İşlem sırasında, etkilenen kişiye bir yüz maskesi aracılığıyla nitrojen verilir; sonuç, oksijen eksikliği nedeniyle ölümdür. İnsan hakları uzmanları daha önce yöntemin test edilmediğinden ve Smith'in muhtemelen işkenceye varabilecek korkunç bir ölümle ölebileceğinden şikayetçi olmuştu. Ancak avukatlarının infazı durdurmaya yönelik tüm girişimleri başarısızlıkla sonuçlandı.


Smith, ABD'nin güneyindeki küçük Atmore kasabasındaki bir hapishanede idam edildi. Marshall'a göre prosedür 30 dakikadan az sürdü. Bölgesel televizyon kanalı WHNT'den bir muhabirin de aralarında bulunduğu yalnızca birkaç medya temsilcisinin infazı gözlemlemesine izin verildi.


Ona göre Smith, ölümünden kısa bir süre önce şunları söyledi: “Bu gece, Alabama insanlığa bir adım geri adım attı.” Ve devamı: “Sevgiyle, huzurla, ışıkla yürüyorum.” Muhabir ayrıca nitrojen desteği başladığında Smith'in kıvranmaya ve titremeye başladığını bildirdi. Sonunda nefes almayı bırakıncaya kadar birkaç dakika boyunca derin bir nefes aldı.

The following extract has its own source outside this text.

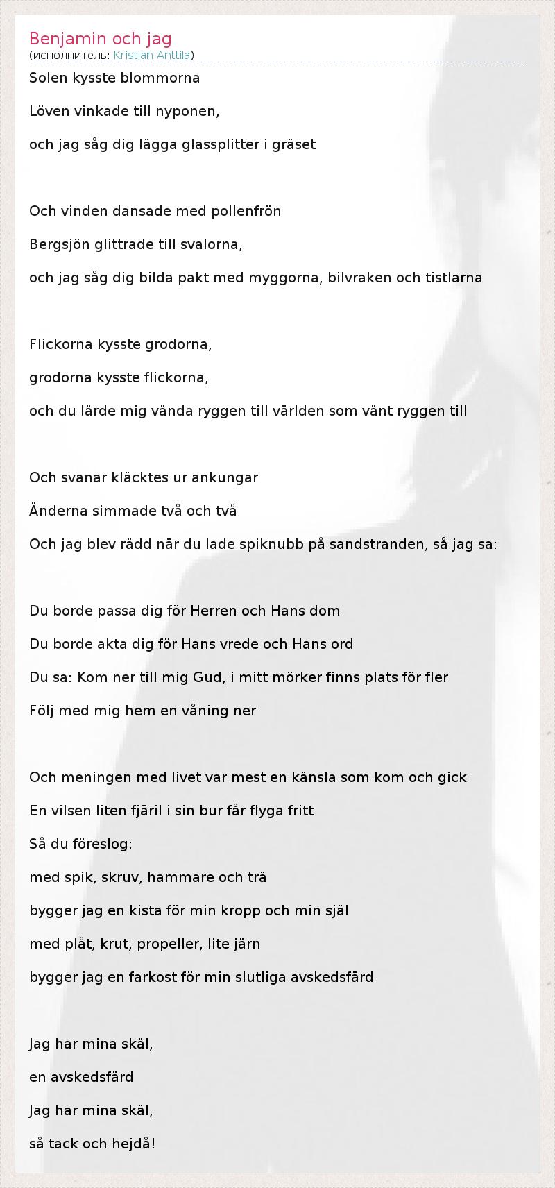 А как ты думаешь, о чем песня "Benjamin och jag" ?

Bir kolluk kuvveti yetkilisi Smith'in kısmen seğirdiğini ve anormal nefes aldığını söyledi. Ancak bu beklenen bir durumdu ve nitrojen hipoksisine ilişkin mevcut araştırma durumuna da uyuyordu.


Başarısız kurtarma çabaları


Ancak Birleşmiş Milletler uzmanları, saf nitrojenin solunmasının ciddi acılara neden olmadığının bilimsel olarak kanıtlanmadığına inanıyor. Çeşitli insan hakları örgütleri gibi onlar da ciddi endişelerini dile getirmişlerdi.

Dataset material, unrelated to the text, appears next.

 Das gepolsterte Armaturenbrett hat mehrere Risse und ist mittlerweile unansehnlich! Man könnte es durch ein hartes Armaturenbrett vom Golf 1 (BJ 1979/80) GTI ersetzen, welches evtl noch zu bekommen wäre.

Smith'in avukatları idamın durdurulması için sonuna kadar uğraşmıştı. Ancak ne Alabama'daki ilgili mahkemeler ne de ABD Yüksek Mahkemesi bu taleplere uymadı. Geçtiğimiz günlerde göstericiler Alabama Valisi Kay Ivey'e de müdahale etmesi çağrısında bulunmuştu, ancak bu çağrı boşunaydı.

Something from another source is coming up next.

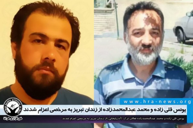 یونس قلی زاده فعالان ترک (آذربایجانی) که دوره محکومیت سه ماهه خود را در زندان تبریز سپری میکند،امروز پنجشنبه ۲ مرداد به مرخصی اعزام شد. همچنین محمد عبدالمحمدزاده فعال ترک (آذربایجانی) که دوره محکومیت ۱۵ ماهه خود را در زندان تبریز سپری میکند روز چهارشنبه ۱ مرداد به مرخصی اعزام شد.

Alabama Başsavcısı Marshall, tüm bunları, ölüm cezasına karşı çıkan aktivistlerin baskı kampanyaları olarak nitelendirdi ve yeni yöntemin “insancıl ve etkili” olduğunu görmezden geldi. “Alabama tarihi bir şeyi başardı” diye ilan etti. Aktivistlerin adalet sistemini baltalamaya ve iğrenç cinayet mağdurlarına hak ettikleri adaleti sağlamaya yönelik uluslararası çabalarına rağmen, Alabama'nın “en iyi uygulaması” artık diğer eyaletler için bir plan sunuyor.


35 yıl önceki bir eylem


Smith davasının geçmişi çok eskilere dayanıyor: 1988'de, o zamanlar 22 yaşında olan adam, 1.000 dolar ödeme karşılığında sözleşmeli cinayet işlemişti. Mağdur, suçtan bir hafta sonra intihar eden müvekkilin eşiydi. Smith ve iki suç ortağı yakalandı; biri ömür boyu hapis cezasına çarptırıldı, diğeri ise 2010 yılında öldürücü enjeksiyonla idam edildi.


Smith, kendisine karşı açılan davada suçta kendisinin de bulunduğunu itiraf etti. Ancak kendisinin ölümcül saldırıda yer almadığı konusunda ısrar etti. Temyizin ardından jüri aslında 1996 yılında kendisi için ömür boyu hapis cezası önermişti ancak sorumlu yargıç o sırada bu kararı reddetmişti. Alabama, buna izin veren yasayı ancak 2017'de kaldırdı; ABD'nin bunu yapan son eyaleti oldu.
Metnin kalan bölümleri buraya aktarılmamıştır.